Medusa Cluster Server – Technical Documentation

1            Overview

The Medusa cluster server is a high performance clustering engine providing services to distribute Java processes amongst multiple processing resources. Its main characteristics are

 

-         Low system resource requirements

-         Runs on standard JRE 1.3 (100% pure Java)

-         Dynamic auto-configuring cluster and fail-over

-         Highly scalable

-         Provides options for performance tuning

-         State synchronization of theoretically unlimited data size

-         Runs on multiple/mixed server hardware and supports multiple instances per IP address

-         Configurable logging options

2           Technical Introduction

The Medusa clustering engine takes care of most of the work involved in clustering such as distributing tasks amongst the cluster and managing cluster members starting up, shutting down and failing-over. It also provides a simple and powerful API for users to implement their own processing logic.

 

The Medusa cluster server consists of three components:

-         A local resource manager for executing user defined business logic (jobs)

-         The cluster server managing the logical and physical cluster

-         A client server for managing external clients requesting logical cluster resources

 

2.1          ResourceManager & Jobs

The ResourceManager is responsible for scheduling and executing jobs on the local server. The server maintains a user definable number of Timers that execute jobs once or periodically.

 

2.1.1        Programming, Loading and Initializing Jobs

Jobs are user-created classes that perform specific tasks when executed on the server. They extend the Medusa Job class (and in turn JDK TimerTask) and thus should start processing their function when a run() method is called.

Jobs should be made available to the server as compiled classes in the jobs directory. When the server receives a request to execute a task the JobClassLoader will attempt to load the class from this directory and construct a Job object. This will then be passed on to the JobScheduler which will run it as a TimerTask.

Initialization of jobs is performed dynamically via the API or through properties files in the jobs directory.  If requested the JobClassLoader will look for a <class-name>.properties file of the same name as the job class and pre-initialize the resulting object with its data when loading a job. Examples will follow later.
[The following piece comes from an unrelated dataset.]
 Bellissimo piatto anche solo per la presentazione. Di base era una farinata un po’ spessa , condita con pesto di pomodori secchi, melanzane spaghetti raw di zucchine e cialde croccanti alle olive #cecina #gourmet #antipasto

Job properties, either via dynamic API or loaded from a file, are initialized via getter and setter methods. The JobClassLoader will for example attempt to find for a property called TESTPROPERTY a method public void setTestproperty(String value) to initialize the job object. (Note that capitalization occurs only on the first letter of a composed property name!) If the required data type is different the method should still have a String signature but then convert the String value to the desired type. If initialization data is too complex to be converted into String properties it cannot be loaded from a properties file but the dynamic API provides a mechanism to pass in any serializable data type. Before explaining this mechanism we need to introduce Joblets and different job types.

 

2.1.1.1       Joblets

For performance reasons and to limit bandwidth usage between servers it is of advantage to be able to send jobs requests to cluster servers without having to serialize the complete job object including business logic and data - instead we use Joblets. Joblets principally contain information to identify a job class and data. They can be used to request cluster members to start jobs, stop jobs or to return results from jobs.
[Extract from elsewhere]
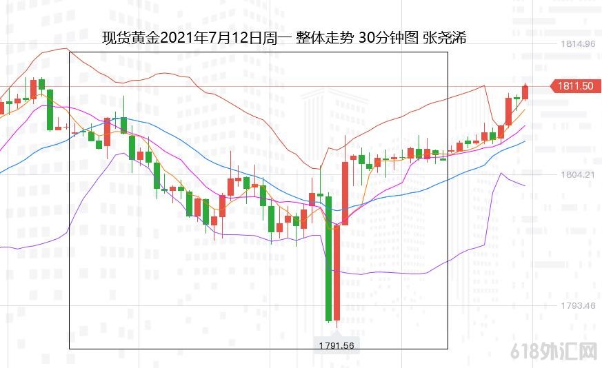 张尧浠:市场瞩目美CPI、黄金坚守百日线上方觊觎看涨 上交易日周一(7月12日)国际黄金伦敦金探底回升收阴锤。 走势上,金价自亚市早盘开于1807.73美元/盎司后,先行延续上周五的反弹力量走高并录得日内高点1810.69美元,但因技术上2075美元而下的趋势线压力,以及基本面上,市场对美联储马上将宣布缩减政策仍相当忌惮,而打压金价转跌,欧盘整体虽在千八上方震荡,但美盘21点整到-22点半左右,COMEX最活跃黄金期货合约陆续出现数个大单砸向市场,令金价迅速下跌录得日内低点1791.57美元,后又迅速反弹至日内开盘价附近,同时美元指数较日内高点明显回落,对金价产生支撑,终收于1805.72美元,日振幅19.12美元,收跌2.01,幅度0.11%。

Apart from job class name and a unique job identifier Joblets contain JobConfig objects, which are basically wrappers for job data. The method public void setProperties(Properties config) in JobConfig describes the dynamic API discussed in the paragraph above. Additionally the method public void setAdditionalProperties(Serializable config) provides a mechanism to transmit any Serializable data object. However, the JobClassLoader will not automatically initialize job classes with this data. It needs to be handled programmatically by the user.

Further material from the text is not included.